1. ASRock DeskMini A300の基本スペックをおさらい
SSDを交換する前に、まずはDeskMini A300の基本仕様を確認しておきましょう。超小型ながら拡張性が高いのが魅力です。
| 項目 | DeskMini A300 の仕様 |
| 対応CPU | Socket AM4 (Picasso, Raven Ridge, Bristol Ridge, TDP 65Wまで) |
| 対応メモリ | DDR4 SO-DIMM ×2 (最大64GB / Ryzen APU: 2933MHz対応) |
| M.2 スロット (裏表2箇所) | M.2_1: Type 2280 PCIe Gen3 x4 M.2_2: Type 2280 PCIe Gen3 x4 (※Athlon 2xxGE搭載時はGen3 x2) |
| SATA ストレージ | 2.5インチ SATA 6Gbps ×2 (RAID 0/1対応) |
| 映像出力 | DisplayPort ×1、HDMI ×1、VGA (D-Sub) ×1 (3画面同時出力対応) |
| 本体サイズ | 155 × 155 × 80 mm (1.92L) |
2. DeskMini A300に最適なNVMe SSDの選び方(注意点)
DeskMini A300のSSDを買い替えるにあたり、絶対に間違えてはいけないポイントが3つあります。購入前に必ずチェックしてください。
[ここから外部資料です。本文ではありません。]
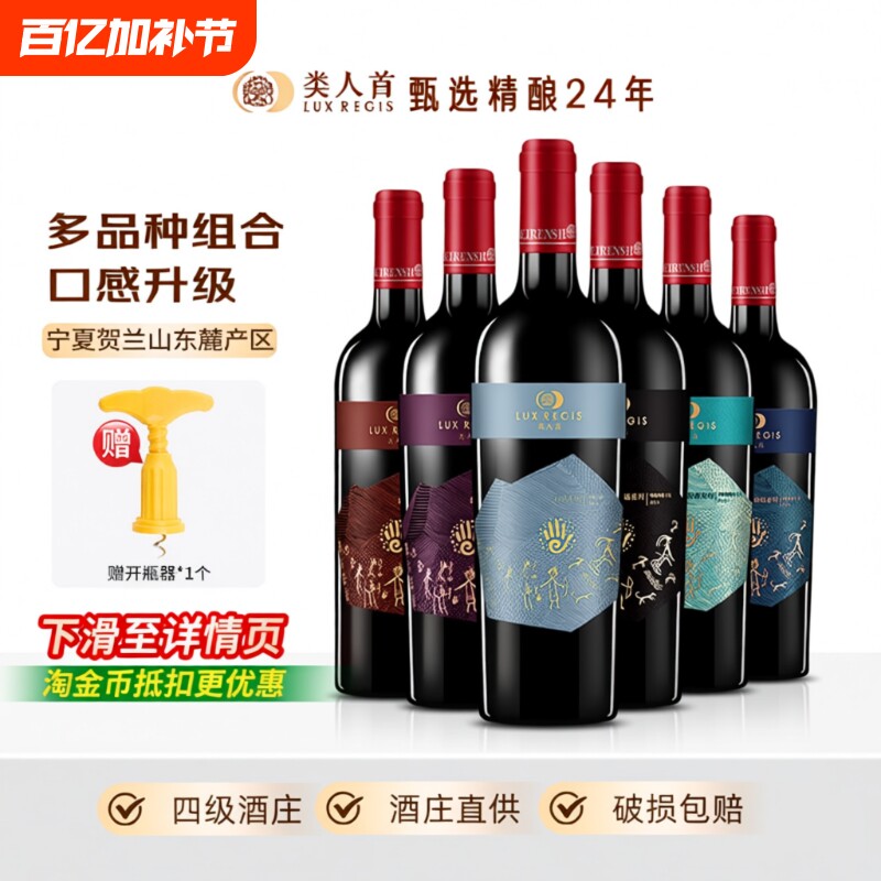 类人首 热卖年货宁夏红酒赤霞珠马瑟兰干红组合750ml*6支装葡萄酒
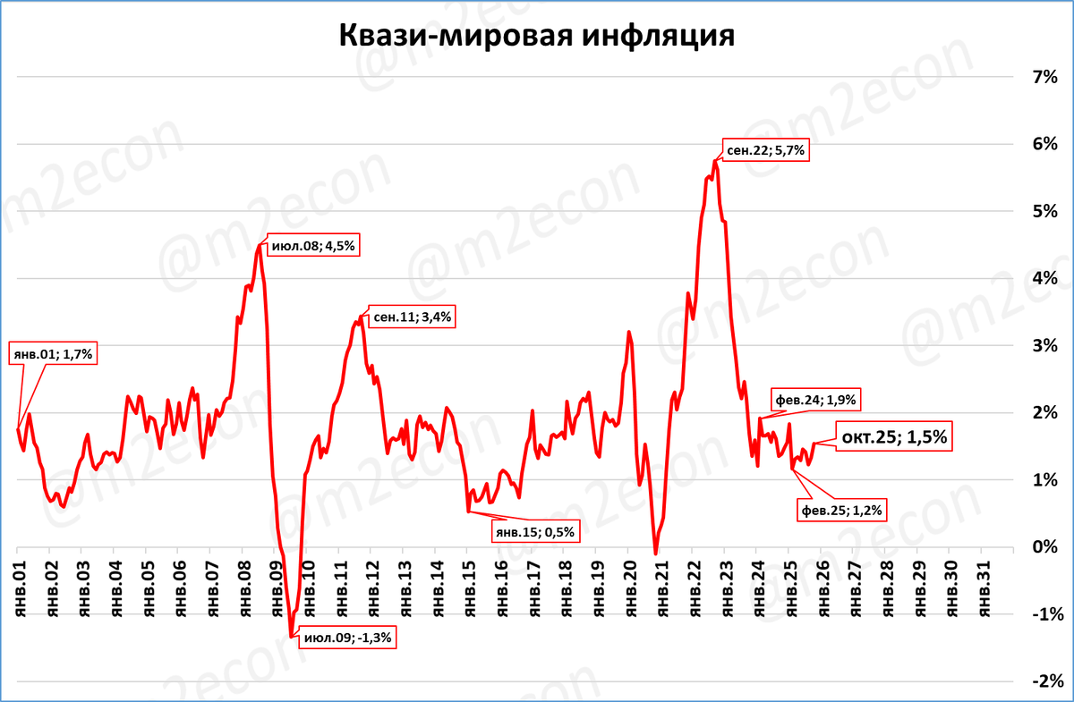Чтобы посчитать реальную (не номинальную) динамику, мы также считаем мировую инфляцию по своей методике. В октябре, по нашим расчётам, она составила 1,5% годовых.

- 「NVMe」専用です(SATA M.2は非対応)M.2スロットは「NVMe」規格のSSD専用です。形状が似ている「SATA接続のM.2 SSD」を購入しても認識されないため、必ず「NVMe (PCIe)」と書かれたものを選んでください。
- サイズは「2280」を選ぶM.2 SSDには長さの規格があります。DeskMini A300が対応しているのは、最も一般的な長さである 「Type 2280(幅22mm × 長さ80mm)」 です。
- 規格は「PCIe Gen3 x4」で十分(Gen4でもOK)DeskMini A300のM.2スロットの通信速度の上限は「PCIe Gen3 x4」です。最新の「PCIe Gen4」や「Gen5」のSSDも下位互換性があるため物理的には使えますが、速度はGen3の頭打ちになります。そのため、コスパの良い「Gen3」のSSDを選ぶか、価格差がなければ発熱が比較的控えめなGen4のエントリーモデルを選ぶのがおすすめです。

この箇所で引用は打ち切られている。